Multi-objective analysis of computational models
This work addresses the difficulty in understanding emergent behaviors in complex computational models for researchers and practitioners, though it is incremental as it reviews and unifies existing methods.
The paper tackles the challenge of analyzing complex computational models by proposing a multi-objective evolutionary framework to identify trade-off solutions, enabling data mining to uncover model features and regularities, as demonstrated through examples including a flapping-wing robot and a neurocomputational model.

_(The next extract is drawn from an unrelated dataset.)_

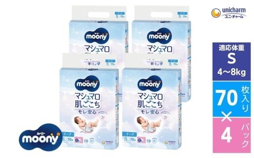 ムーニー マシュマロ肌ごこちモレ安心 Sサイズ 70枚×4袋セット 4~8kg ユニ・チャーム おむつ 紙おむつ

Computational models are of increasing complexity and their behavior may in particular emerge from the interaction of different parts. Studying such models becomes then more and more difficult and there is a need for methods and tools supporting this process. Multi-objective evolutionary algorithms generate a set of trade-off solutions instead of a single optimal solution. The availability of a set of solutions that have the specificity to be optimal relative to carefully chosen objectives allows to perform data mining in order to better understand model features and regularities. We review the corresponding work, propose a unifying framework, and highlight its potential use. Typical questions that such a methodology allows to address are the following: what are the most critical parameters of the model? What are the relations between the parameters and the objectives? What are the typical behaviors of the model? Two examples are provided to illustrate the capabilities of the methodology. The features of a flapping-wing robot are thus evaluated to find out its speed-energy relation, together with the criticality of its parameters. A neurocomputational model of the Basal Ganglia brain nuclei is then considered and its most salient features according to this methodology are presented and discussed.